As both an Oracle certified OPRA instructor/consultant and a Safran Risk certified instructor/consultant, this was of interest to me. I haven’t seen much difference in results between the two tools, and any variance from OPRA is a cause for concern to someone considering moving from OPRA to Safran Risk.
For example, this is the result from an Impacted Risk Model in OPRA:
This is the same result from Safran:
As you can see, while the values up to P80 are similar, there are longer tails in OPRA.
Are you ready for a deep dive into Schedule Risk Analysis theory? Because the cause is quite interesting:
First, let’s look at the Duration distribution in OPRA:
Now the Duration distribution in Safran:
Virtually identical!
So what could cause the Duration distribution to be the same while the Finish Date duration is different? It had me scratching my head…
Let’s go back and look at how OPRA builds an impacted risk model. OPRA converts the original activity to a Hammock, and then creates a new activity to represent the original activity, and additional activities to represent each risk event. Looking at Activity F before the impacted model is built:
With one risk (Risk 9) applied, Activity F becomes this:
OPRA keeps the original predecessor logic to the newly created Activity F (A1012:B). In this example, the existing relationship is a FF relationship with the predecessor being Activity E. It then links the risk event (A1012:Risk9) as a successor to the newly created Activity F (A1012:B) with a FS relationship. Finally, it creates a new link to the original successor from the hammock.
So this:
Becomes this:
As a note, this was a test file from a client; I wouldn’t build this odd combination of an FF predecessor and a SS successor in the real world; I would consider it bad scheduling practice. Ultimately, that odd logic is also why we are seeing the delta between OPRA and Safran.
Why?
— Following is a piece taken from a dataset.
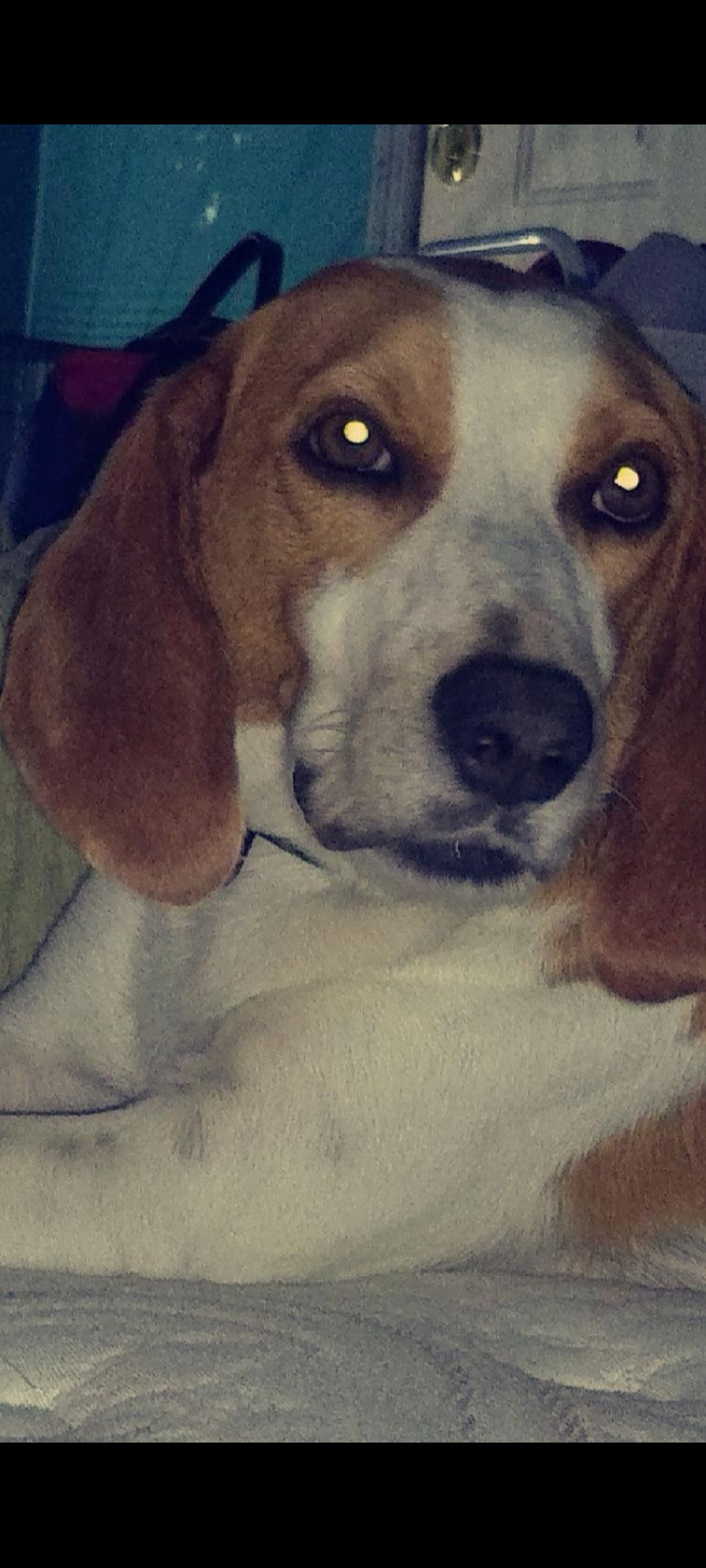 Pet Description:Medium sized beagle with an orange collar brown and white spotted |

When OPRA creates the new activities, it still links the predecessor to the original activity. That works great when the predecessor is an FS or SS relationship, but it creates an issue when the predecessor is a FF relationship.
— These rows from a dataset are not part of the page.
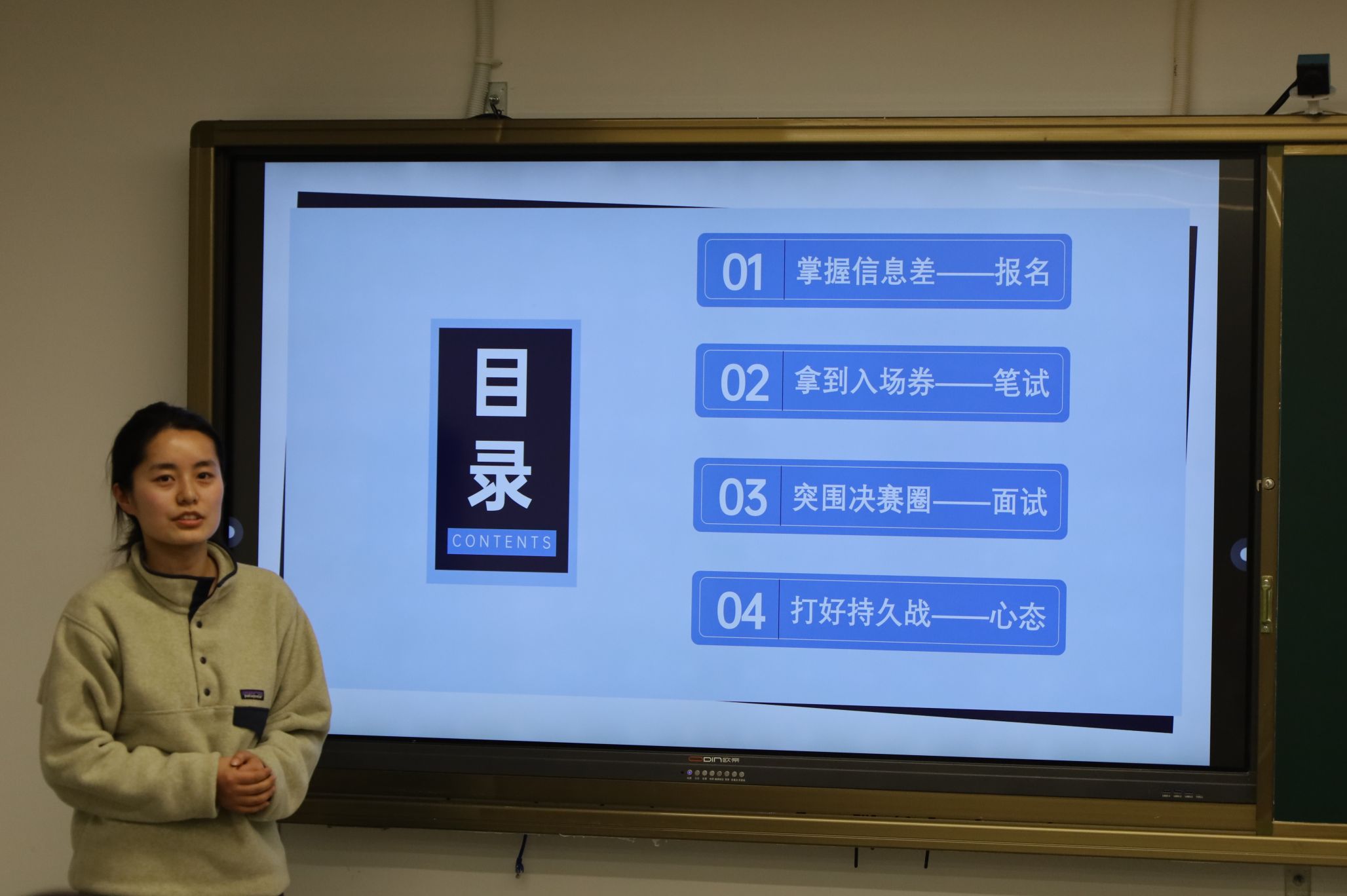 座谈会上,三位校友分别从不同角度进行了经验分享。刘红炎校友强调了简历制作的重要性,建议同学们系统学习高中数学教材,通过大量刷题提高解题能力和知识储备,同时注重外在形象和内在素养的提升。贾苏琪校友从求职时间线入手,为学子梳理了不同招聘形式的时间节点,并建议同学们考取教师资格证、普通话证书等必备证书,积极参加中学实习,积累教学经验,同时加强笔试和面试的专项训练。陆依然校友重点讲解了如何在众多招聘信息中获取有效信息,提前了解考试内容和形式,做好充分的准备。她详细介绍了数学学科知识、职业能力测试和教育综合知识的考查范围,并分享了备考的方法和技巧。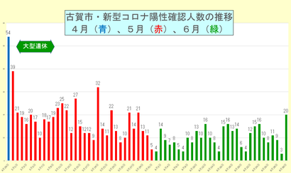 新型コロナ · 2022/07/01 6月30日 コロナ陽性確認は20人 再び増加か 6月30日の古賀市のコロナ陽性確認20人でした。10代未満4人、10代7人、20代1人、30代2人、40代5人、70代1人。また増えてきました。心配です。福岡県は1316人。 ここ1ヶ月間の推移をグラフにしました。 tagPlaceholderカテゴリ: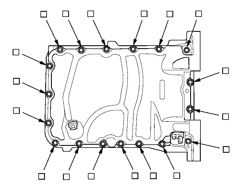 1. Remove all of the old liquid gasket from the oil pan mating surfaces, the bolts, and the bolt holes.

Here is what happens when you have a FS relationship between Activity E and Activity F:
Let’s step back and think about what a Finish to Finish (FF) relationship is – in an FF, the predecessor must finish before the successor can finish. Contrary to what some people think, it doesn’t mean that the activities must finish together.
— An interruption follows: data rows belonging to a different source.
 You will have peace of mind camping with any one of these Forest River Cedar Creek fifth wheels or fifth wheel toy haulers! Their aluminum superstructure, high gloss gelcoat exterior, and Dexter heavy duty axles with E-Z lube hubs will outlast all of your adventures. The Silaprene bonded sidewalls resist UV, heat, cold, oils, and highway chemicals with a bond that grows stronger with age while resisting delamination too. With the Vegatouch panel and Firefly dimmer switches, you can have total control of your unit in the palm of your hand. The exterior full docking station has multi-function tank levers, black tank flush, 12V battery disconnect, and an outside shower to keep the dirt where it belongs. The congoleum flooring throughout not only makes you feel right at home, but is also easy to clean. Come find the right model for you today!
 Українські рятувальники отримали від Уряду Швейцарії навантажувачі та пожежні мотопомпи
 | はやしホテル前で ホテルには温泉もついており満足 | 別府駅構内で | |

But what happens if we split Activities E & F the way that OPRA does when the impacted risk plan is built?
This is what occurs when you have a FS relationship between Activity E and Activity F (while the normal convention is to draw the hammock above the activities, I have flipped them to make it easier to read):
If there is a delay in Activity E, either because of uncertainty on the original activity or due to Risk05 firing, the start of New Activity F will be delayed.
But what if there is a FF relationship instead of an FS relationship between Activity E and Activity F? This is where things potentially go wrong. OPRA still links the predecessor to New Activity F.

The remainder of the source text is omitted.